Избранное. Потрясение оснований - страница 45

Шрифт
Интервал


Если взаимосвязь витальности и интенциональности понята правильно, то биологическую интерпретацию мужества можно допустить в пределах ее применимости. Разумеется, мужество – это функция витальности, однако витальность невозможно отделить от целостности человека, от его языка, от его способности к творчеству, от его духовной жизни, от его предельного интереса. Одним из печальных последствий интеллектуализации духовной жизни человека стала утрата понятия «дух» и замена его «умом» или «интеллектом»; по той же причине элемент витальности, присутствующий в «духе», был обособлен и истолкован как независимая биологическая сила. Человека расчленили на бескровный интеллект и бессмысленную витальность. Связующая их одухотворенная душа, в которой сливаются воедино витальность и интенциональность, была забыта. А в итоге всего этого редуктивному натурализму легко удалось вывести самоутверждение и мужество из чисто биологической витальности. Но в человеке нет ничего «чисто биологического», так же как нет ничего «чисто духовного». Каждая его клеточка соучаствует в его свободе и духовности, и каждый акт его духовного творчества питается его витальной динамикой.

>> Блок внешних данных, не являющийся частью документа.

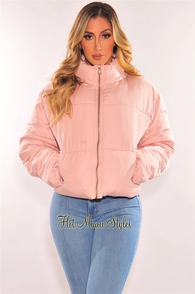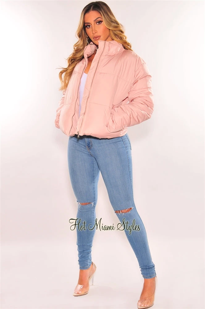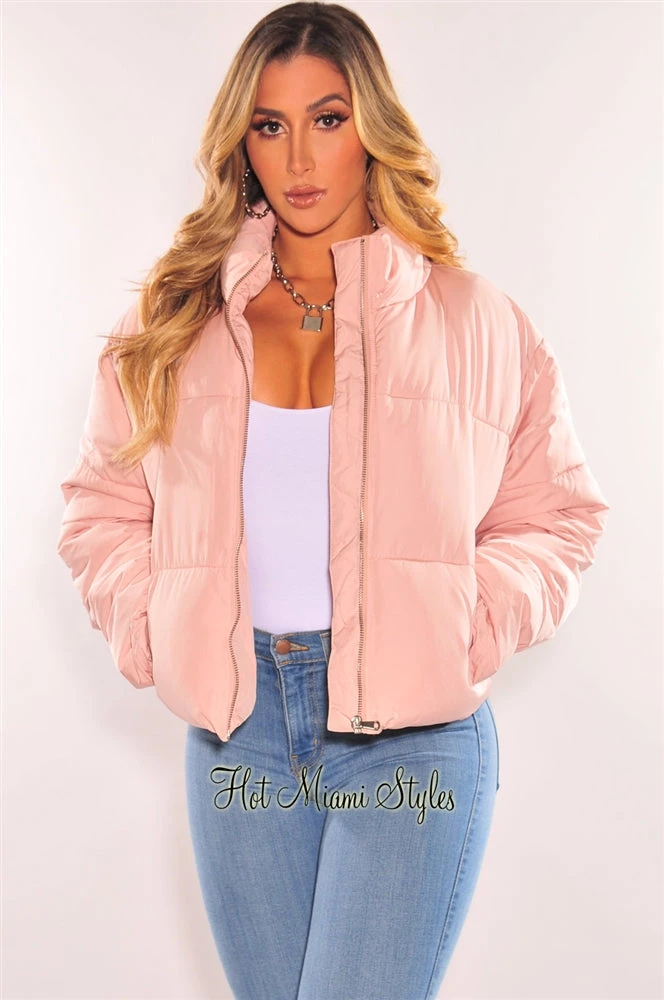 The perfect puffer bomber jacket for your favorite seasonal looks! Featuring a warm double layer puffy bodice on a zipper up jacket with an adjustable elastic string at back for that sexy snatch waist look.
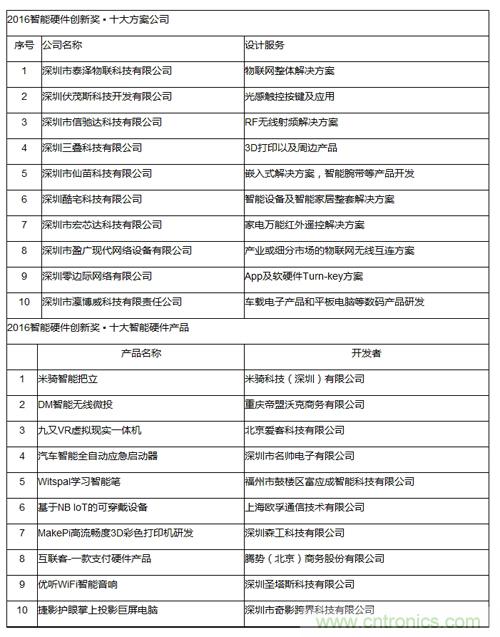 2016智能硬件創新獎展現出整個生態環節的創新。“智能硬件產品的創新,不再是一家公司的事情,而需要整個產業鏈的支持。智能硬件開發者創客在定義產品時需要專業的技術指導,在產品開發時也需要與專業的方案公司合作應對設計挑戰,在產品化和量產過程中還會需要專業的供應鏈和元器件采購方面的服務支持。強強聯手,才能夠打造創新的智能硬件產品,讓智能產品與眾不同。”劉杰博士指出。因此,本次評選也針對行業用戶的需求,特別設置了各個細分的獎項,如十大智能硬件產品和十大方案公司,樹立行業標桿,讓智能硬件創新創業者快速找到適合自己的優質生態資源。

Это единство постулировалось в греческом слове «arete». Его можно было бы перевести как «добродетель», если бы мы отвлеклись от моралистических оттенков слова «добродетель». Значение этого греческого слова сочетает в себе мощь и достоинство, силу бытия и наполненность смыслом. «Aretes» («добродетельный») – носитель высоких достоинств, предельным испытанием его «arete» становится готовность принести себя в жертву ради «arete». Его мужество выражает его интенциональность в той же мере, в какой оно выражает его витальность. Именно духовно оформившаяся витальность делает его «aretes». За этим словоупотреблением стоит античное представление о том, что мужество благородно. Образцом мужественного человека становится не расточающий себя варвар, витальность которого нельзя назвать до конца человеческой, но образованный грек, который знает, что такое тревога небытия, потому что он понимает ценность бытия. Можно добавить, что латинское слово «virtus» и его производные «virtu» итальянского Возрождения и «virtue» английского Возрождения имеют сходный с «arete» смысл. Эти слова обозначают качество тех, кто объединяет в себе мужскую стойкость («virtus») и нравственное благородство. Союз витальности и интенциональности создает такой идеал человеческого совершенства, который в равной мере далек от варварства и от морализма.